2.2 Neural network-based approaches

Over the past decade, the majority of proposed ICD coding solutions have been based on Neural Networks, such as in [17, 19, 22], due to their impressive performance across a variety of tasks. Shi and colleagues ([17]) utilized character-level LSTM to identify similarities between discharge summary notes and ICD code descriptions. Vani et al. [19] developed a Grounded Recurrent Neural Network (GRU) that incorporates label-specific dimensions for hidden units to predict specific diseases. Baumel et al. [20] employed a Hierarchical Attention-bidirectional Gated Recurrent Unit (HA-GRU) to assign multiple ICD codes to patients’ discharge summary notes. Wang et al. [21] proposed a mixed embedding model, assuming that projecting word and label vectors in the same embedding vector space would lead to better results. Their model calculates the cosine similarity between word embedding vectors and label vectors to predict the labels. Xu et al. [26] proposed an ensemble-based approach that combines the outputs of three neural network models, each handling different types of data (unstructured, semi-structured, and tabular). The models utilize CNNs, LSTMs, and decision trees for data processing and classification. The approach was evaluated using MIMIC-III data and demonstrated improved performance by using multiple modalities of data. Meanwhile, Mullenbach et al. [27] proposed the CNN model CAML, which utilizes label attention to enhance ICD coding task performance. The model uses pre-trained word vectors and was tested on MIMIC-III and MIMIC-II discharge summary notes, outperforming previous methods.

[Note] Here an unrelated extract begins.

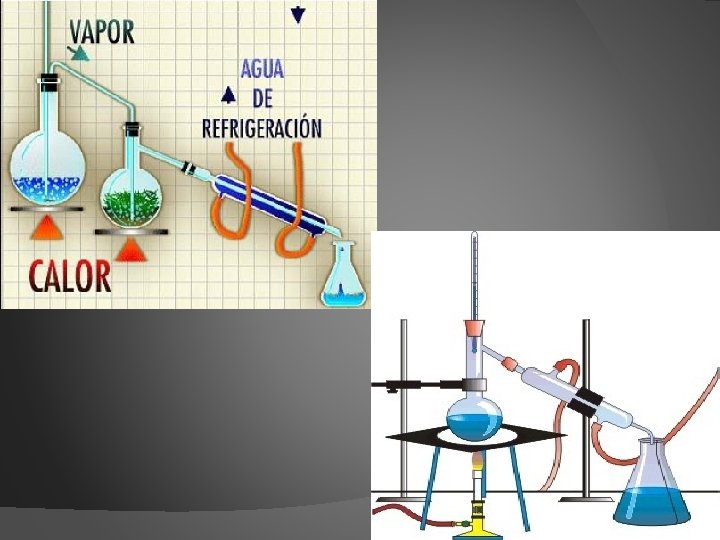 � Destilación. Es el proceso mediante el cual se efectúa la separación de dos o más líquidos miscibles y consiste en un a evaporación y condensación sucesivas, aprovechando los diferentes puntos de ebullición de cada uno de los líquidos, también se emplea para purificar un liquido eliminando sus impurezas. En la industria, la destilación se efectúa por medio de alambiques, que constan de caldera o retorta, el refrigerante en forma de serpentín y el recolector; mediante este procedimiento se obtiene el agua destilada o bidestilada, usada en las ámpulas o ampolletas que se usan para preparar las suspensiones de los antibióticos, así como el agua destilada para las planchas de vapor; también de esta manera se obtiene la purificación del alcohol, la destilación del petróleo, etc.

As the most recent state-of-the-art model, Li and Yu [22] proposed Multi-Filter Residual Convolutional Neural Network (MultiResCNN) which utilizes a one-hot encoded label vector to predict multiple ICD codes related to the discharge summary text. Their approach uses a multiple-filter CNN network, with a residual network [28] following each filter, and employs a label attention mechanism for better prediction accuracy. They evaluated their model on the MIMIC-III discharge summary notes dataset and showed improved performance with both MIMIC-Full codes and MIMIC-50 codes.

The limitation of these approaches is that they rely solely on the examples present in the training set, which can only represent a small subset of the vast and complex space of diseases, symptoms, and epidemiological factors. This can restrict the model's ability to generalize to new and unseen data. To overcome this limitation, it is crucial to incorporate external knowledge sources that can augment the training data and provide additional information to improve the performance of the models.

2.3 Knowledge-enhanced approaches

Many studies have investigated the effect of external information sources on medical text understanding [18, 29, 30]. While Kumar Chanda et al. [30] proposed a method for learning medical term embeddings from limited notes by using medical term definitions as external knowledge, Bai and Vucetic [31] built upon the CAML model by incorporating a Knowledge Source Integration (KSI) framework to improve performance. KSI uses superficial knowledge from Wikipedia to add extra weight to the input text for ICD code prediction, specifically focusing on rare diseases. The model was evaluated on the MIMIC-III dataset and showed improved performance in predicting rare diseases. These studies demonstrated the need for external knowledge, but the unstructured knowledge used can be difficult for the machine to process. As an alternative, it may be beneficial to incorporate structured knowledge sources in the form of knowledge graphs.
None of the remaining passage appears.